* Recorded data
+++

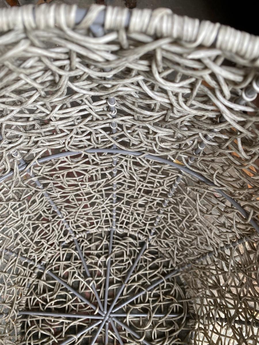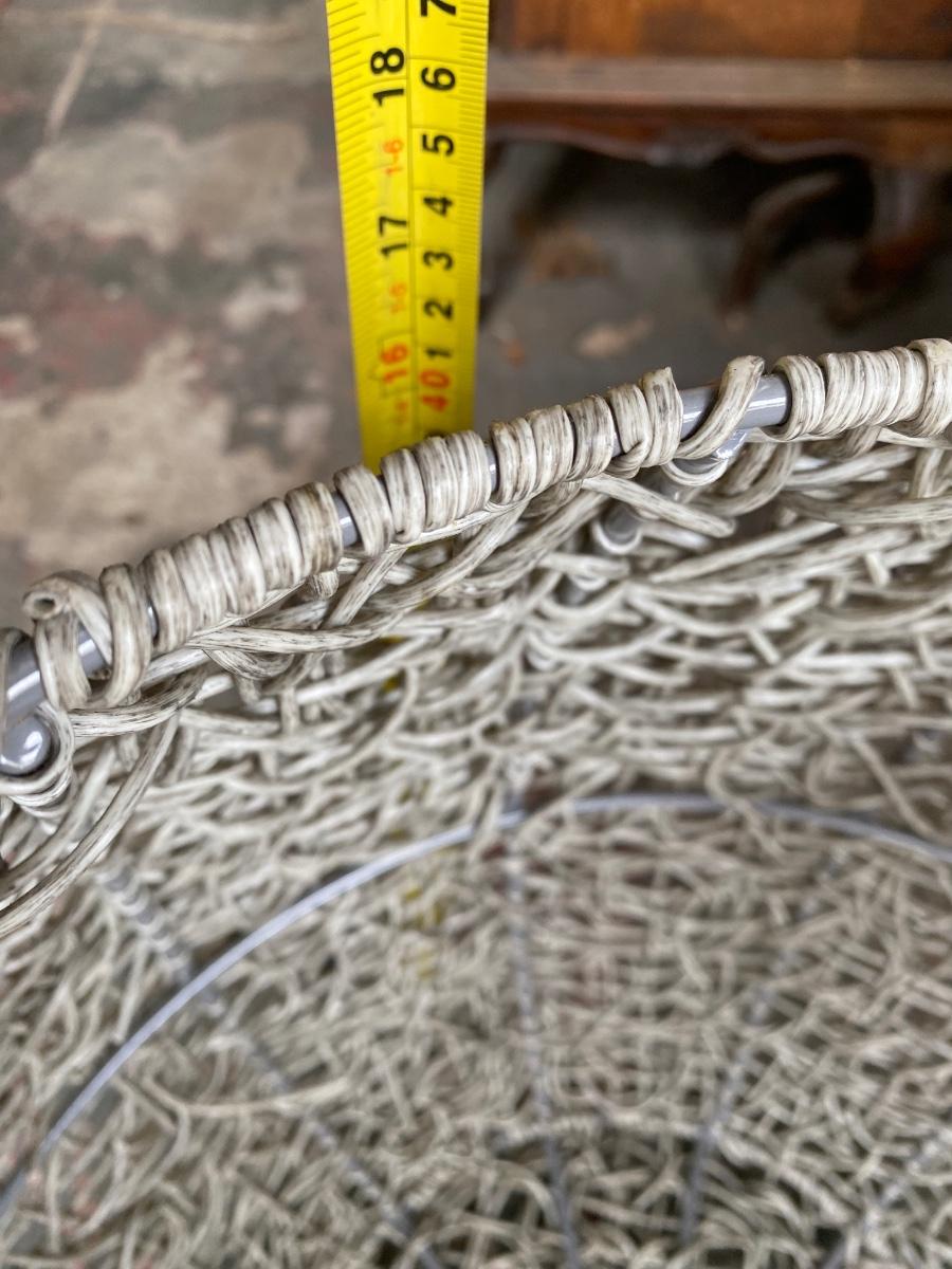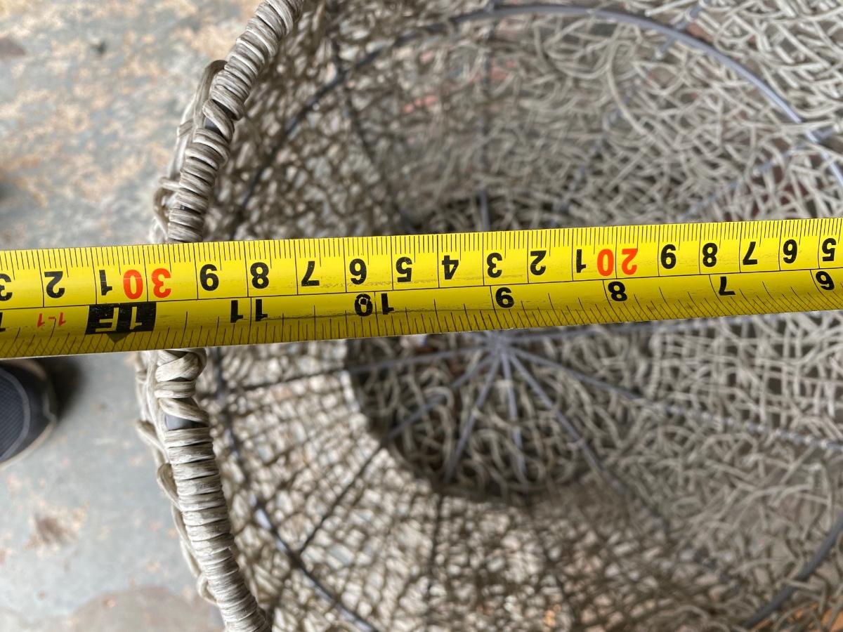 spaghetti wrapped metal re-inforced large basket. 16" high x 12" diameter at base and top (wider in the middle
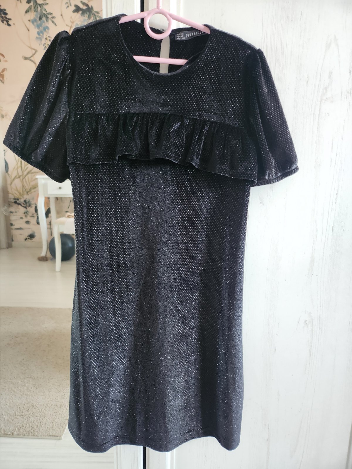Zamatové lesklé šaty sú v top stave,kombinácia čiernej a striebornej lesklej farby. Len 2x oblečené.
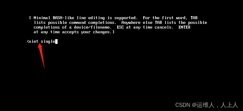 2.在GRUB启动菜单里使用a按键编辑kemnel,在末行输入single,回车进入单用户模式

+++

* Work order
Beginning with the line containing "Zamatové lesklé šaty" and ending with the last line of the material, output each line exactly; do not include pictures.

* Expected answer
Zamatové lesklé šaty sú v top stave,kombinácia čiernej a striebornej lesklej farby. Len 2x oblečené.
 2.在GRUB启动菜单里使用a按键编辑kemnel,在末行输入single,回车进入单用户模式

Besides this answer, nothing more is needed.